The captain answers me as he casts off at gunpoint: “Tie-downs. For when we can no longer hold on.”

  ***

  The navy doesn’t intercept us at the maritime line, but ten minutes past it the storm worsens, battering us from the north and east as we race west along Haiti’s long Tiburon Peninsula. The dead girl says this voyage will kill me; the dead girl says it will be fair. She says her gun will find my family; she says hell is only minutes away.

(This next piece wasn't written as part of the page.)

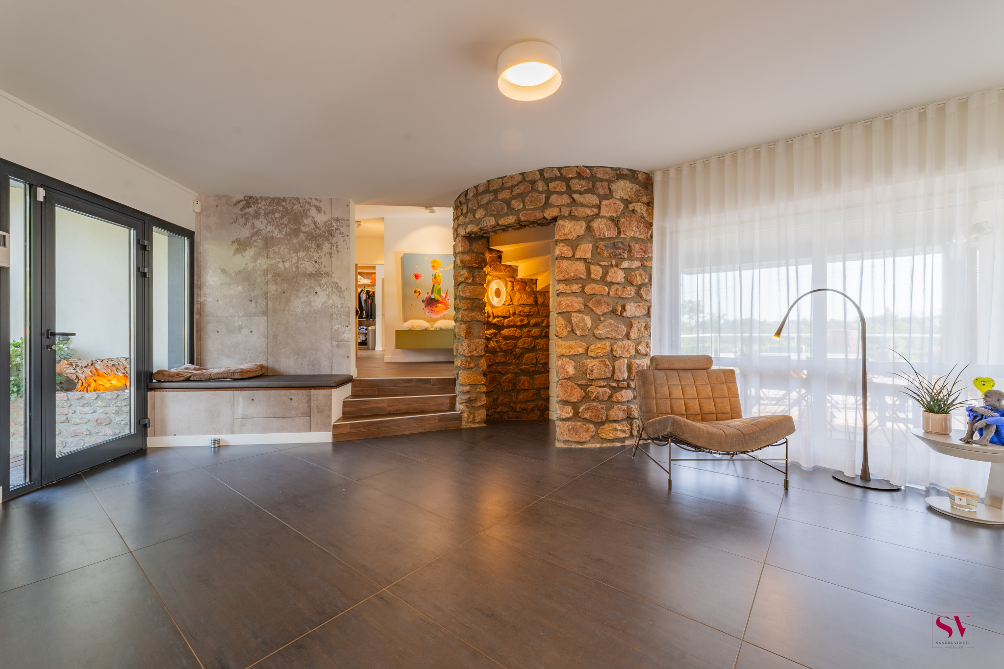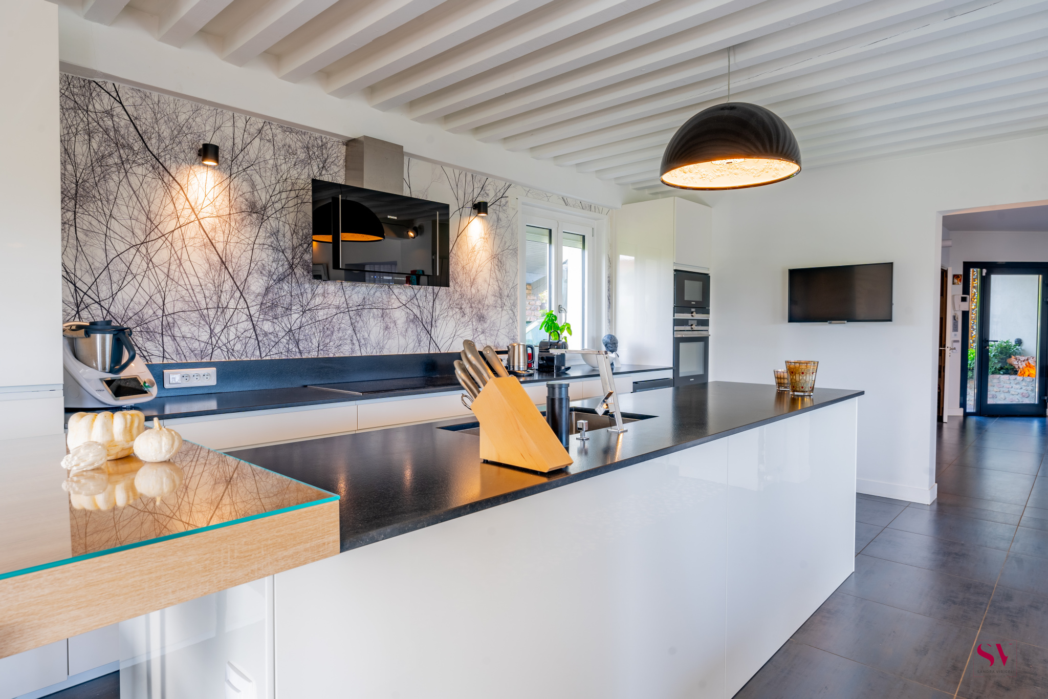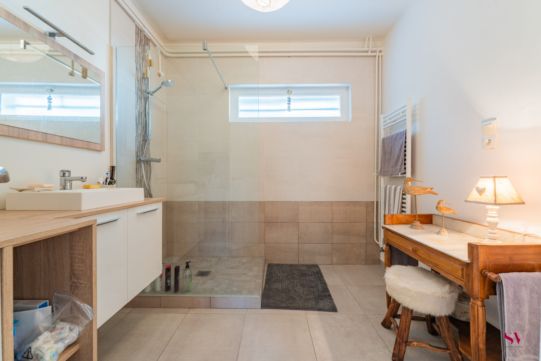 Au niveau inférieur, vous découvrirez deux chambres, 2 salles d'eau, une cave à vin, un bureau, une salle de sport de 25m², un atelier et un grand garage de 60m² pour 3 véhicules.

  At Vache Island the ocean seems to shudder, confused by energy from every direction. Open ocean slams our boat, breaking high and hard, jarring the hull and my unmended insides. The captain ties himself in and we do the same. The murdered girl doesn’t; she smiles from across the bench and never takes her eyes off me. Spindrift and spray flash in the lightning.

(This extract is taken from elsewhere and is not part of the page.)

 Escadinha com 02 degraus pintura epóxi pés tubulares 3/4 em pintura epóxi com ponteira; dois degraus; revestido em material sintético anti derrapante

  The dead girl ties herself to me and whispers wet in my ear: God hates you for what you did. He will want something soon. More men will rape you while you drown—

  “Bill!” My face and shoulders are jerked backward from the water, back into the boat. Anne’s armlock is cinched around my neck. She ties her leg to mine, then hooks our arms before I can roll us overboard. The world goes black.

  ***

  I wake to roar. Engines, not storm, the boat pounding into waves. A rope cinches me to the bench, another to Anne’s leg. Carel and Anne bail water. Carel’s last Scout is gone. My one eye adds focus. Land materializes off the bow. The captain shouts: “Jamaica; Kingston.”

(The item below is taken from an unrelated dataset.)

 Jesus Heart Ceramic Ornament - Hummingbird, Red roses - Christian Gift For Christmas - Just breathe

  I look behind us at the storm wall, yell at Anne: “Downtown. The dock at Church Street. Myers’s building. Will be locked down; empty.”

  Carel eyes the storm wall, shouts to the captain: “Church Street dock. Not Port Royal.”

  The captain skirts us past a blurry Lime Cay, windblown and foamy, and ducks into the bay. The waves cut by half. The captain holds his speed straight across the bay toward the spillway at Church Street.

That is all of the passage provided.